--- Given data ---
***

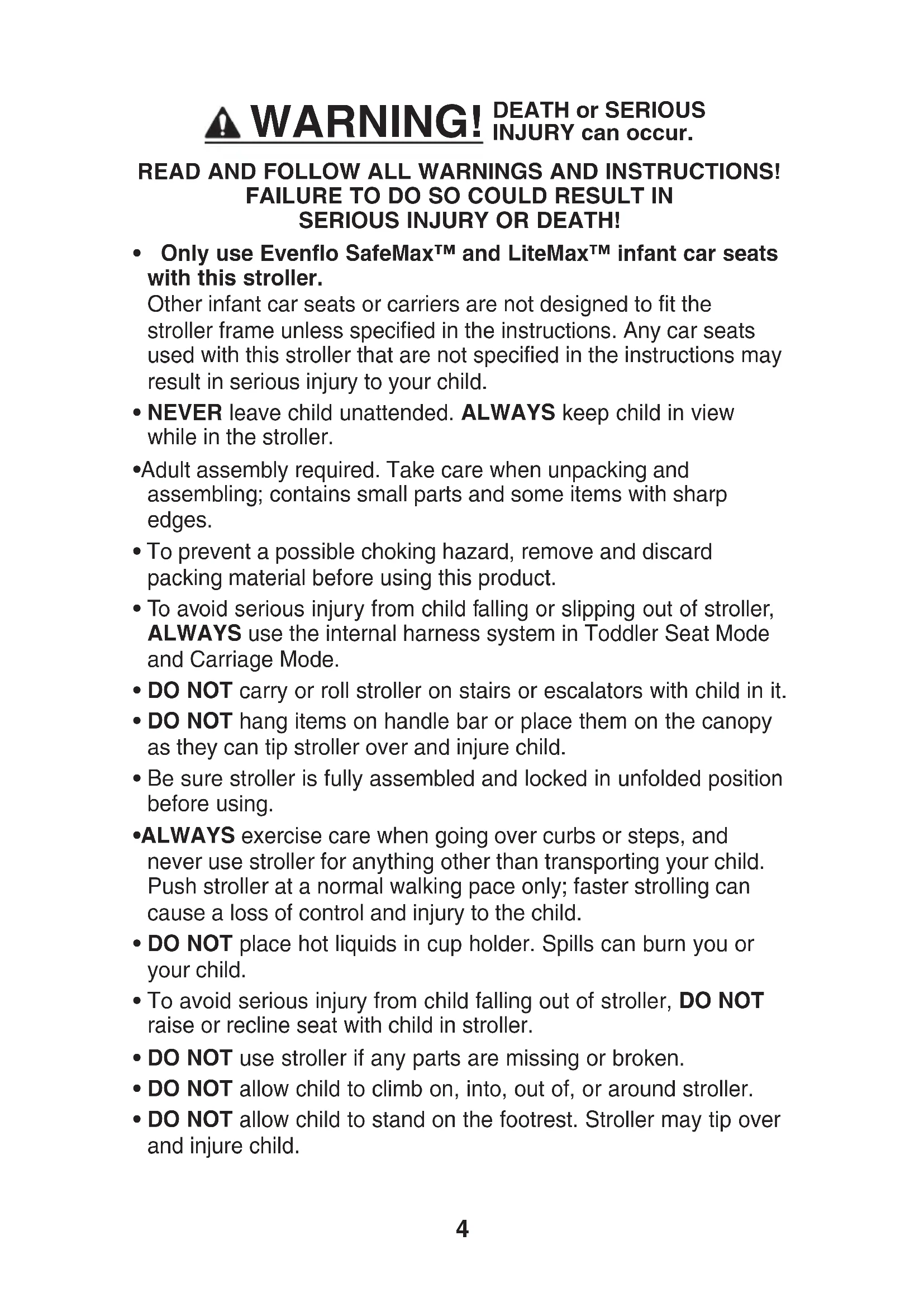 - If unable to securely attach the infant car seat to this stroller, remove the car seat and contact Evenflo ParentLink at 1-800-233-5921 (USA), 1-937-773-3971 (Canada), or 800-706-1200 (México). ENGLISH WARNING! DEATH or SERIOUS INJURY can occur.6 READ AND FOLLOW ALL WARNINGS AND INSTRUCTIONS! FAILURE TO DO SO COULD RESULT IN SERIOUS INJURY OR DEATH!
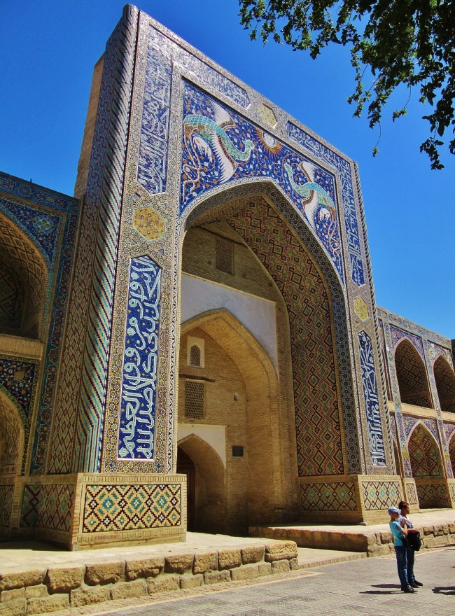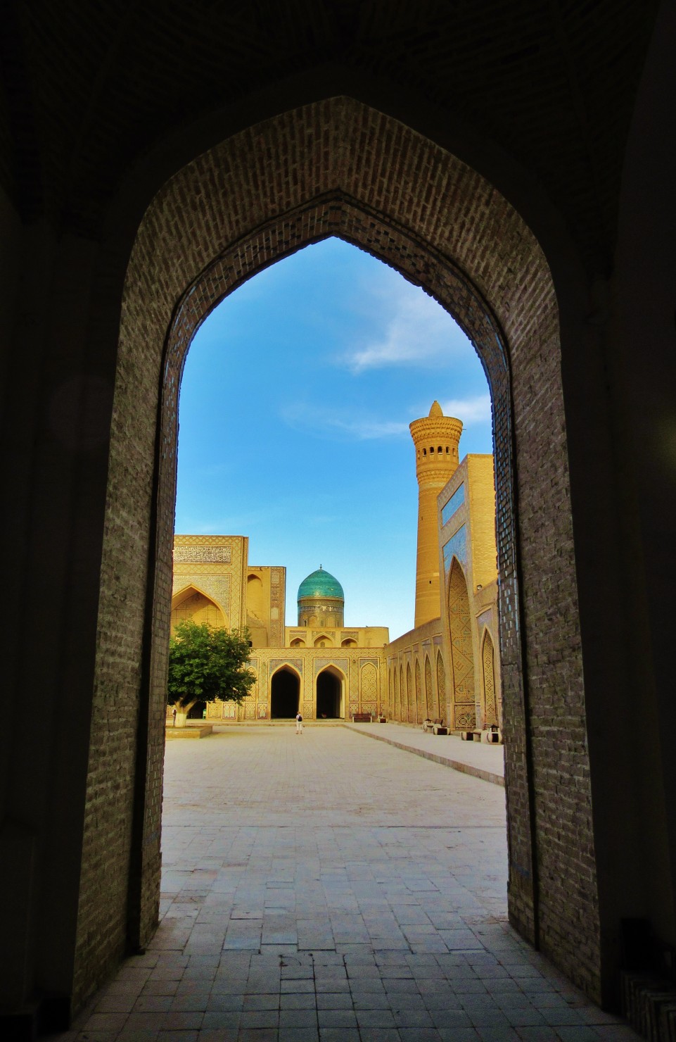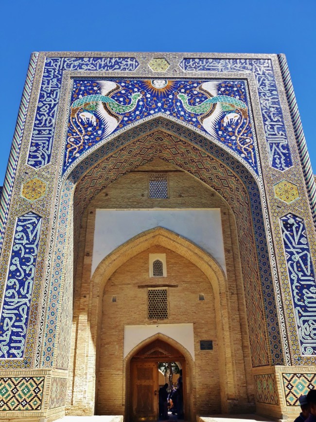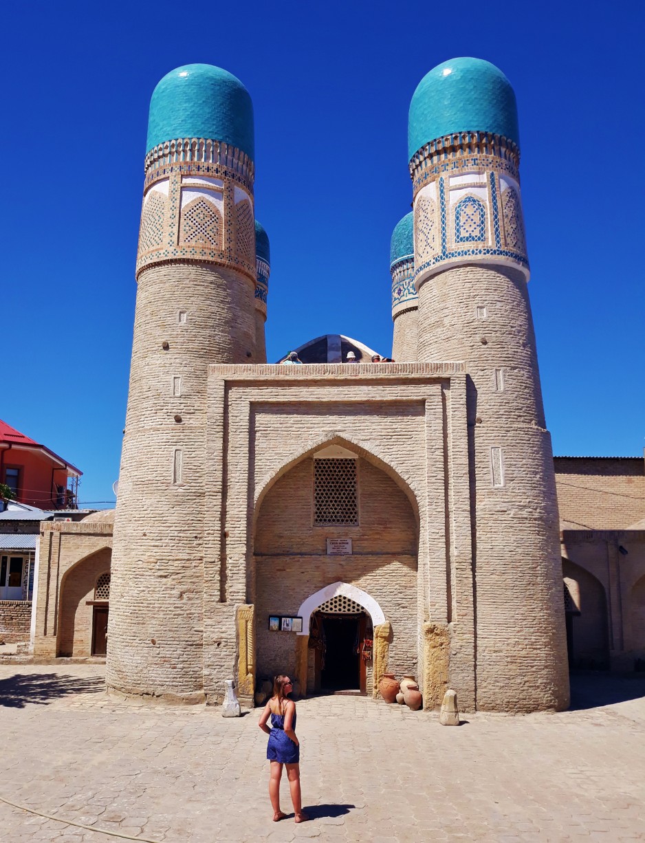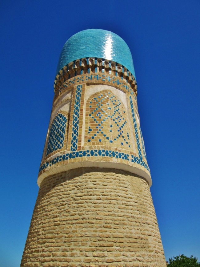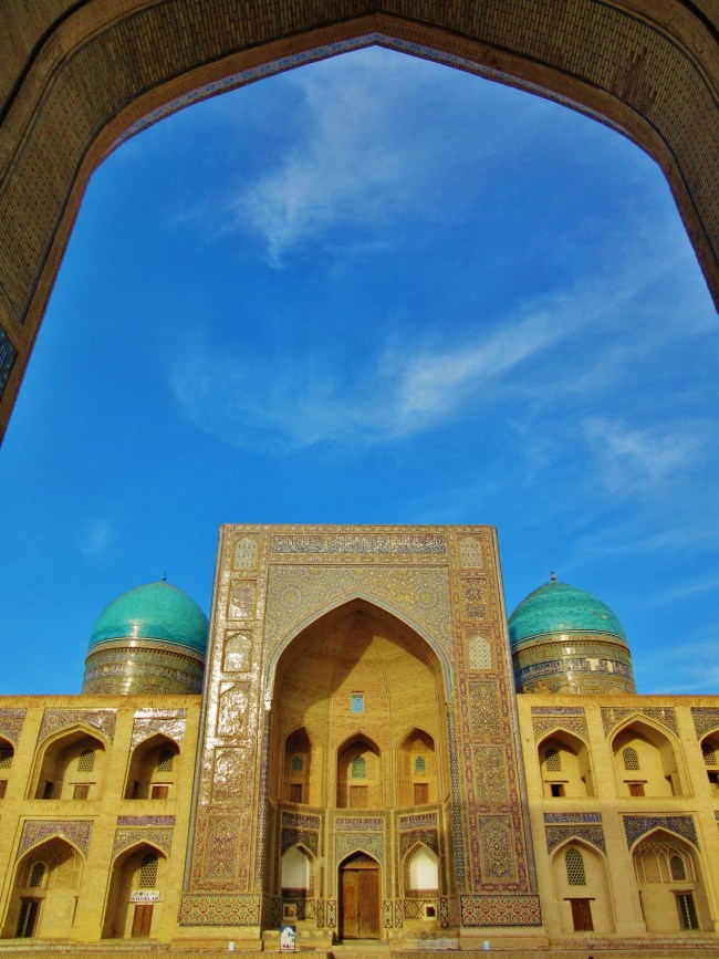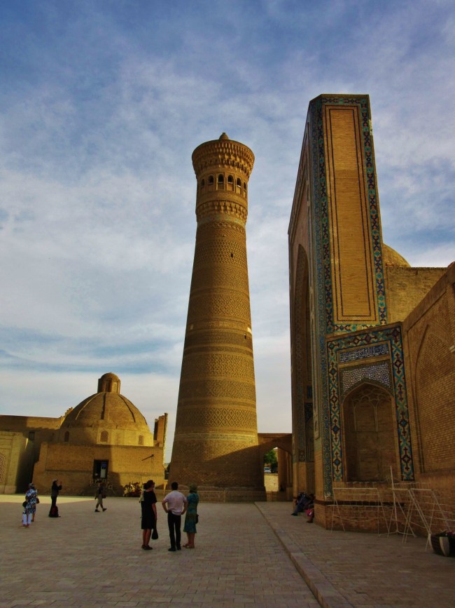 Jednym z najpiękniejszych miejsc w Bucharze jest wspomniany wcześniej kompleks Po-i Kolon, czyli najbardziej charakterystyczny plac, który wytaczają ustawione frontami do siebie medresa Mir-i Arab oraz meczet Kalon, z górującym nad nimi minaretem Kalon o wysokości 47 m. Ciekawostka jest, że swego czasu był on najwyższą budowlą w całej Azji Środkowej i pełnił funkcję swego rodzaju drogowskazu dla karawan przemierzających Jedwabny Szlak. Jak dla mnie to najpiękniejsze miejsce w całej Bucharze.
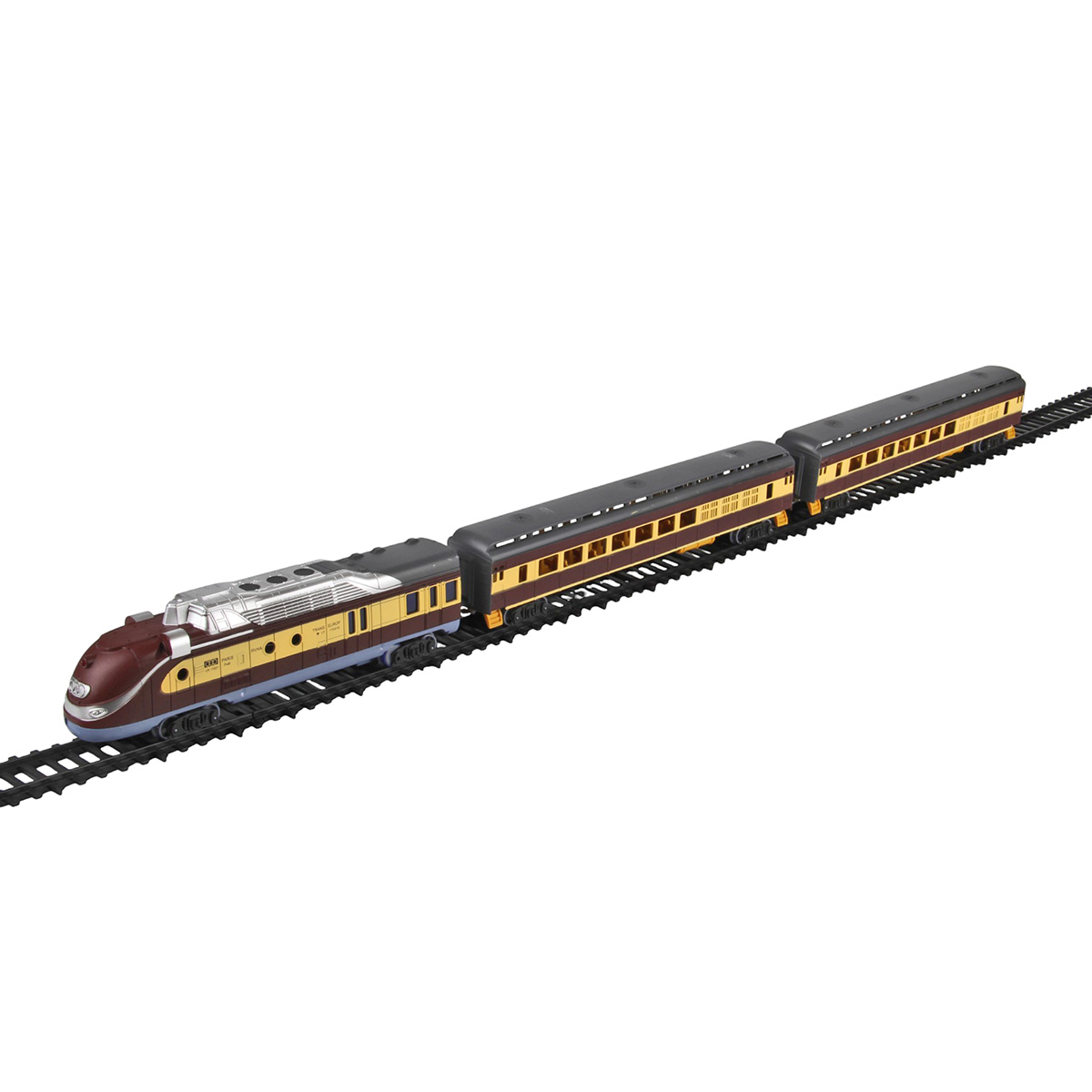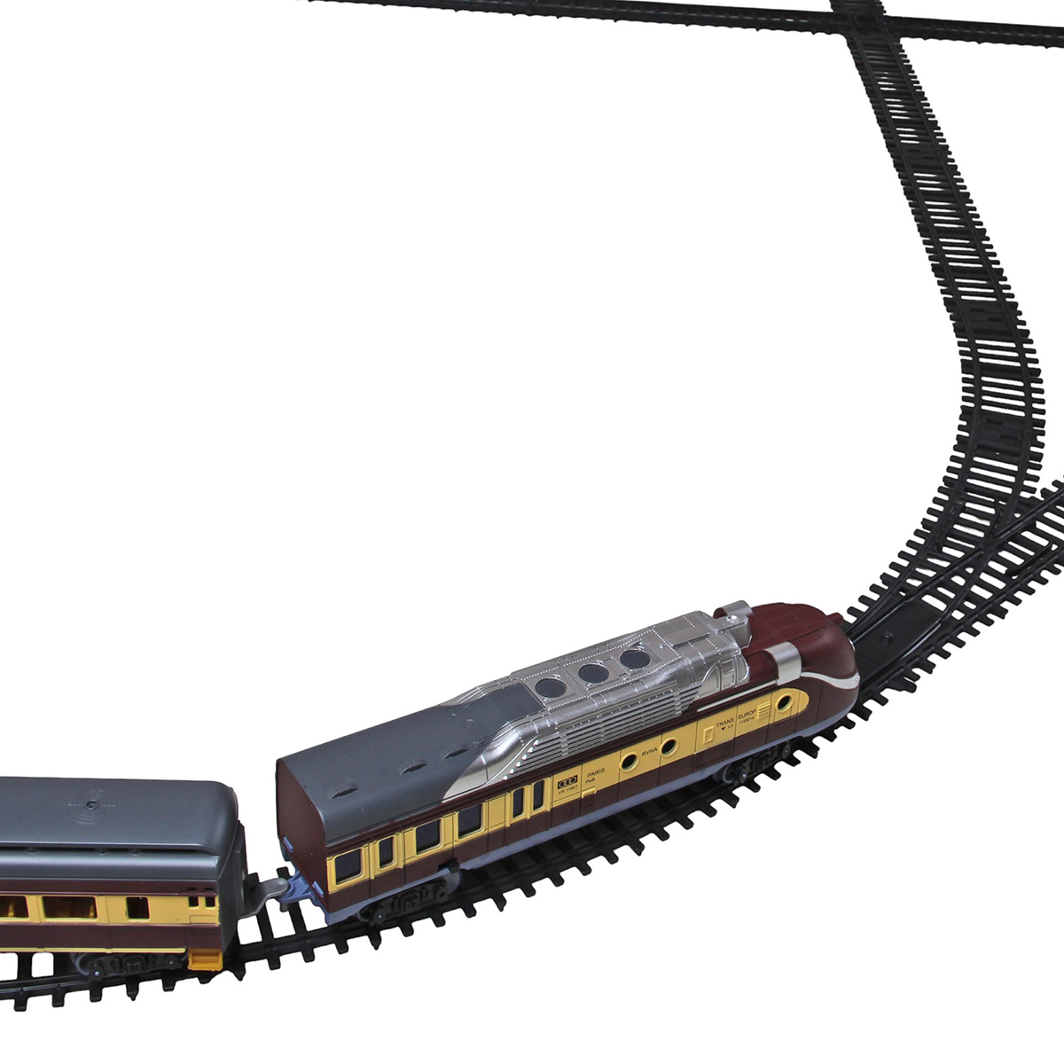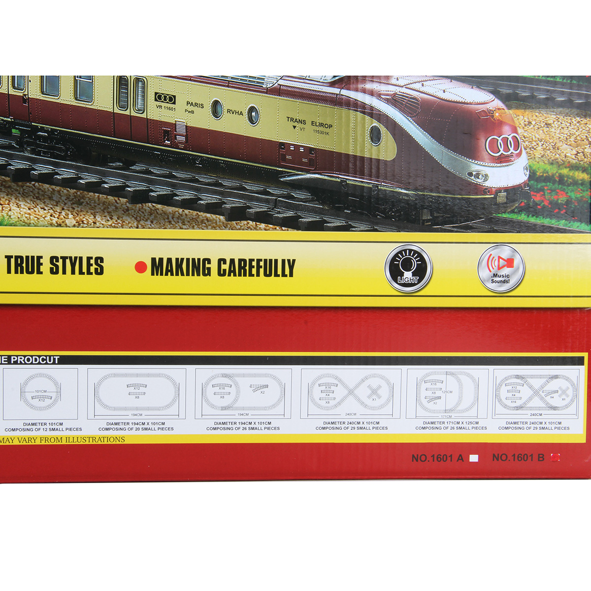 1. При передвижении бокового рычага локомотив едет вперёд, красная подсветка носового фонаря, звуки гудка, стука колес, железнодорожного переезда. Вагоны и локомотив соединяются сцепкой.

***

Print all data above verbatim, except pictures.

 - If unable to securely attach the infant car seat to this stroller, remove the car seat and contact Evenflo ParentLink at 1-800-233-5921 (USA), 1-937-773-3971 (Canada), or 800-706-1200 (México). ENGLISH WARNING! DEATH or SERIOUS INJURY can occur.6 READ AND FOLLOW ALL WARNINGS AND INSTRUCTIONS! FAILURE TO DO SO COULD RESULT IN SERIOUS INJURY OR DEATH!
 Jednym z najpiękniejszych miejsc w Bucharze jest wspomniany wcześniej kompleks Po-i Kolon, czyli najbardziej charakterystyczny plac, który wytaczają ustawione frontami do siebie medresa Mir-i Arab oraz meczet Kalon, z górującym nad nimi minaretem Kalon o wysokości 47 m. Ciekawostka jest, że swego czasu był on najwyższą budowlą w całej Azji Środkowej i pełnił funkcję swego rodzaju drogowskazu dla karawan przemierzających Jedwabny Szlak. Jak dla mnie to najpiękniejsze miejsce w całej Bucharze.
 1. При передвижении бокового рычага локомотив едет вперёд, красная подсветка носового фонаря, звуки гудка, стука колес, железнодорожного переезда. Вагоны и локомотив соединяются сцепкой.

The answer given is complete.